=== Exercise instructions ===
Take the material below and output exactly the run of lines from the one containing "2、在弹出的时间对话框,点击下方【更改日期和时间设置】" down to the one containing "內部裝修像是小木屋的感覺,有", with both included.

____________

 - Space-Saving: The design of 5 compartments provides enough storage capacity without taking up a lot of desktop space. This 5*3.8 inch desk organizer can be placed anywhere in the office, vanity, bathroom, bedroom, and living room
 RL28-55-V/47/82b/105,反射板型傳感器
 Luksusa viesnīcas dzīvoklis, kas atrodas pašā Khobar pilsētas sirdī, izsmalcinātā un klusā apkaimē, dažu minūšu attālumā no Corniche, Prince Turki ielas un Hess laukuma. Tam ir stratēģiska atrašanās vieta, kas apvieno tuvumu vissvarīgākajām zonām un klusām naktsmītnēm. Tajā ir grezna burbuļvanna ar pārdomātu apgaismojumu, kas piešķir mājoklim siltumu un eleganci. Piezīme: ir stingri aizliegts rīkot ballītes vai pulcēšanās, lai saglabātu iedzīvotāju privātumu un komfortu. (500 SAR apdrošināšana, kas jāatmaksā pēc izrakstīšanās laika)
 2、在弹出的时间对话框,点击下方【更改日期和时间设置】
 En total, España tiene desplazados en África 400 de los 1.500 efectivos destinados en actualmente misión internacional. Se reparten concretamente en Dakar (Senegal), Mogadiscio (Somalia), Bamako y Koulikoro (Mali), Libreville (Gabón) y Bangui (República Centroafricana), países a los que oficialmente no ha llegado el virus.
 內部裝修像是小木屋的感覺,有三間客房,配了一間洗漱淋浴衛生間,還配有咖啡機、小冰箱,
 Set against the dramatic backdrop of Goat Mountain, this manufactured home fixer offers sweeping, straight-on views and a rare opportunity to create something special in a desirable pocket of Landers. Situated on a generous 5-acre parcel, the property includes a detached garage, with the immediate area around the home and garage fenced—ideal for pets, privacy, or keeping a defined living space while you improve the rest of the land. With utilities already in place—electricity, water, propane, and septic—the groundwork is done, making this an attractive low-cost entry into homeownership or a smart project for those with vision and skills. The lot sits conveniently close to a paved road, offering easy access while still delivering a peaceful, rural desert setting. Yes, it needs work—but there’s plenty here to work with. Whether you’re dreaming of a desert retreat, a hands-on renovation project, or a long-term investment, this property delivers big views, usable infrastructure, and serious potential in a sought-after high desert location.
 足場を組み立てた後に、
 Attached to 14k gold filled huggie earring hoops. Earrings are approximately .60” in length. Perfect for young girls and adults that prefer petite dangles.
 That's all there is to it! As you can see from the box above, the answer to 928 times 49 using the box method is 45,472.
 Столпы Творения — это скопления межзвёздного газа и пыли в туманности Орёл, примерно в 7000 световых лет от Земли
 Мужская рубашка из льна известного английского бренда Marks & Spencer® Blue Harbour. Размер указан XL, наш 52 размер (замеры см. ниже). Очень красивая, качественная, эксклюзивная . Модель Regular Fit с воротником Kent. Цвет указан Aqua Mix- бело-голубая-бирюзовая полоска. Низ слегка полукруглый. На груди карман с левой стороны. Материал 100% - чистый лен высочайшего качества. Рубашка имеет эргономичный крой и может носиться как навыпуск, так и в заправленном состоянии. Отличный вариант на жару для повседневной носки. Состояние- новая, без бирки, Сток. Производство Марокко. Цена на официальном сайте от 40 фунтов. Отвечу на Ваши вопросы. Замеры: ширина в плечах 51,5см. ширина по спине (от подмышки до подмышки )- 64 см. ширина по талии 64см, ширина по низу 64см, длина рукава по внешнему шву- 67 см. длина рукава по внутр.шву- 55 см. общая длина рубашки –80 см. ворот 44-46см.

____________

=== Solution to this task ===
 2、在弹出的时间对话框,点击下方【更改日期和时间设置】
 En total, España tiene desplazados en África 400 de los 1.500 efectivos destinados en actualmente misión internacional. Se reparten concretamente en Dakar (Senegal), Mogadiscio (Somalia), Bamako y Koulikoro (Mali), Libreville (Gabón) y Bangui (República Centroafricana), países a los que oficialmente no ha llegado el virus.
 內部裝修像是小木屋的感覺,有三間客房,配了一間洗漱淋浴衛生間,還配有咖啡機、小冰箱,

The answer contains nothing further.